These records contain pictures, which must be left out; copy exactly the lines from the one with "私達は公園の脇を道なりに進み" up to and including the one with "She'll be the".

┄┄┄┄┄┄┄┄┄┄┄┄┄┄┄┄┄┄┄┄

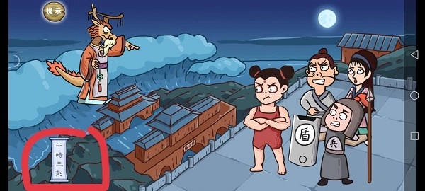 第四关:点左下角的午时三刻,把针拖到15(10和15中间都行),三个随从会变小,各点一下,不要点哪吒,会失败
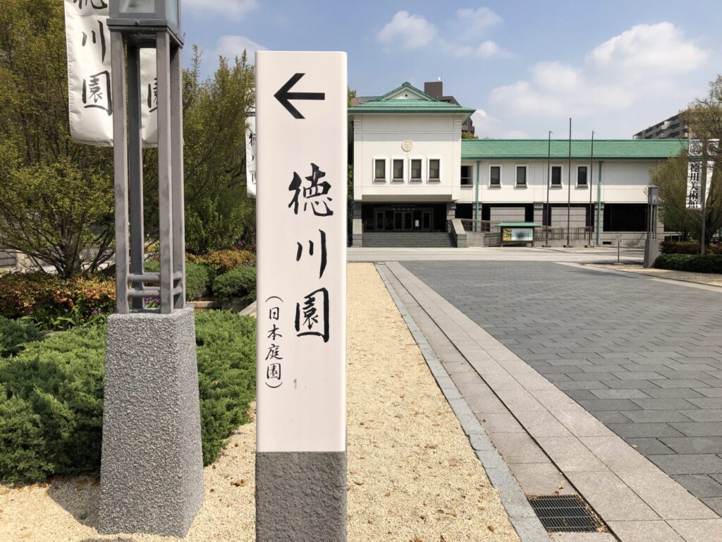 私達は公園の脇を道なりに進み上の画像の緑の建物が見えてきて徳川園の矢印通り進み特に迷う事なく入れました。
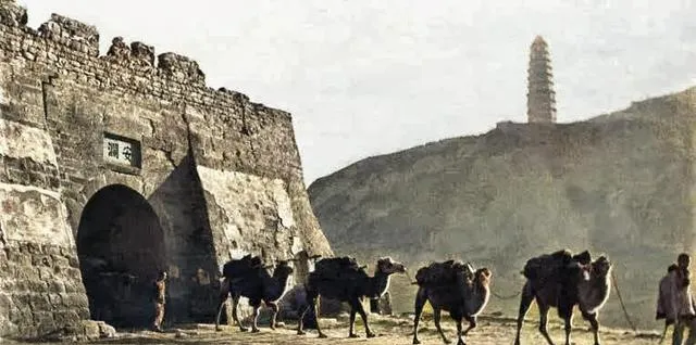这张是安澜门和驼队,石门洞上头刻着字,后面塔影戳在天上,骆驼一串接一串,铃铛叮当往前走,赶车的人低着头数步子,那时候物资靠腿和蹄,现在一脚油门就跨省了。
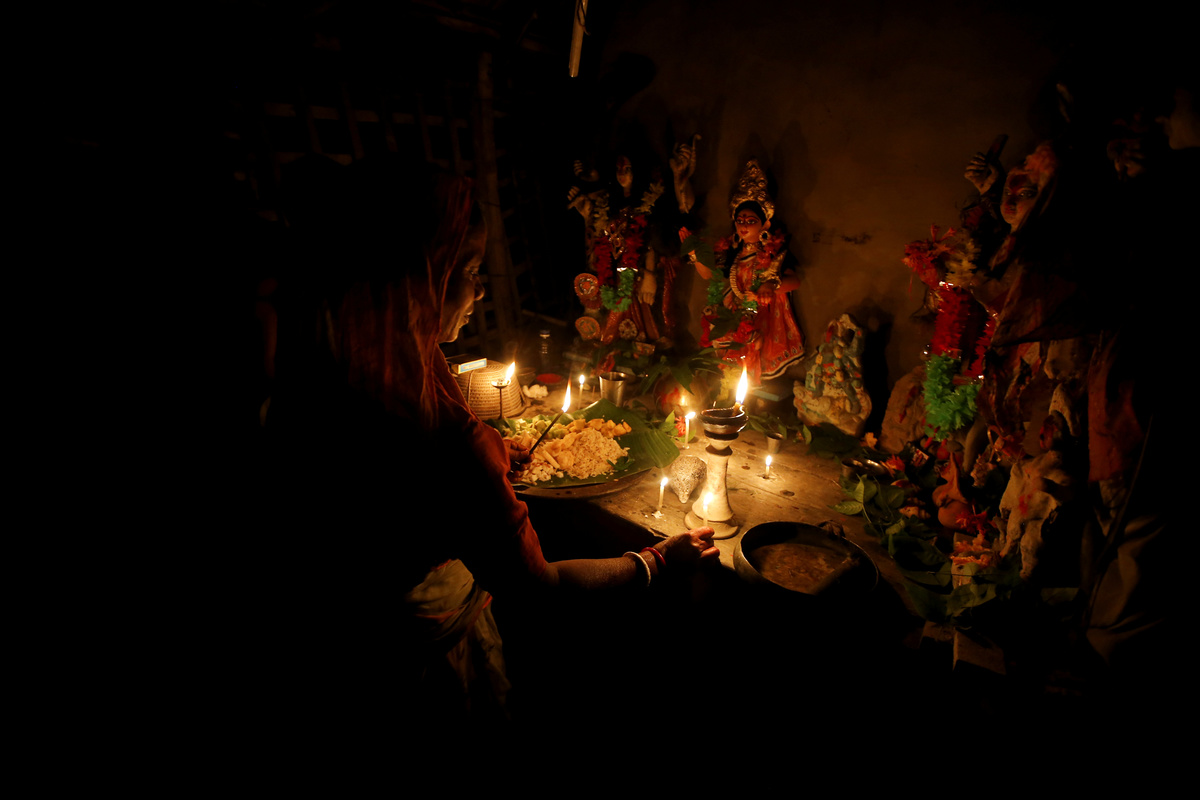 A Hindu woman lights a candle as she worships the Hindu goddess of wealth Laxmi in her house on the occasion of Laxmi Puja festival on Ghoramara Island, India, October 24, 2018. REUTERS/Rupak De Chowdhuri
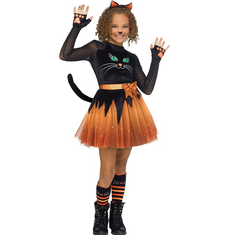 She'll be the cat's meow in this Pretty Pussycat costume! This costume features a dress, tail, mitts, ear headband, and knee socks. Boots and makeup not included. Small fits 4 to 6, Medium fits 8 to 10, and Large fits 12 to 14.
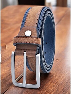 Zweifarbiger Kunstledergürtel für Herren | Stilvolles braun-blaues Design mit Metallschnalle für Freizeit- und Abendgarderobe
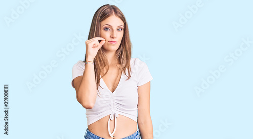 Fototapeta premium Young beautiful blonde woman wearing casual white tshirt mouth and lips shut...
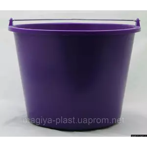 Круглое хозяйственное 14л изготовлено из смеси на базе переработанных полимеров: полипропилен и полиэтилен в разных пропорциях. Возможны примеси других полимеров. Некоторая степень эластичности корпуса круглого хозяйственного ведра 14л из переработанного пластика с мерной шкалой достигается благодаря присутствию полиэтилена в составе смеси переработанных полимеров, из которой изготавливается корпус изделия. Степень эластичности напрямую зависит, так же, от точного состава этой полимерной смеси, и может меняться как в рамках одной партии производства, так и от партии к партии в значительной степени. Ручка изделия изготовлена из оцинкованной проволоки 3,5мм..4,0мм, и имеет характерный носик посередине. Внутри круглого хозяйственного ведра 14л нанесена мерная шкала до 13 литров (номинальный объём 14л может быть достигнут, если заполнить изделие водой до краёв). Не является профессиональным измерительным прибором.На дне изделия с наружной стороны присутствуют небольшие дополнительные рёбра жесткости.

┄┄┄┄┄┄┄┄┄┄┄┄┄┄┄┄┄┄┄┄

> [Solution below]
 私達は公園の脇を道なりに進み上の画像の緑の建物が見えてきて徳川園の矢印通り進み特に迷う事なく入れました。
这张是安澜门和驼队,石门洞上头刻着字,后面塔影戳在天上,骆驼一串接一串,铃铛叮当往前走,赶车的人低着头数步子,那时候物资靠腿和蹄,现在一脚油门就跨省了。
 A Hindu woman lights a candle as she worships the Hindu goddess of wealth Laxmi in her house on the occasion of Laxmi Puja festival on Ghoramara Island, India, October 24, 2018. REUTERS/Rupak De Chowdhuri
 She'll be the cat's meow in this Pretty Pussycat costume! This costume features a dress, tail, mitts, ear headband, and knee socks. Boots and makeup not included. Small fits 4 to 6, Medium fits 8 to 10, and Large fits 12 to 14.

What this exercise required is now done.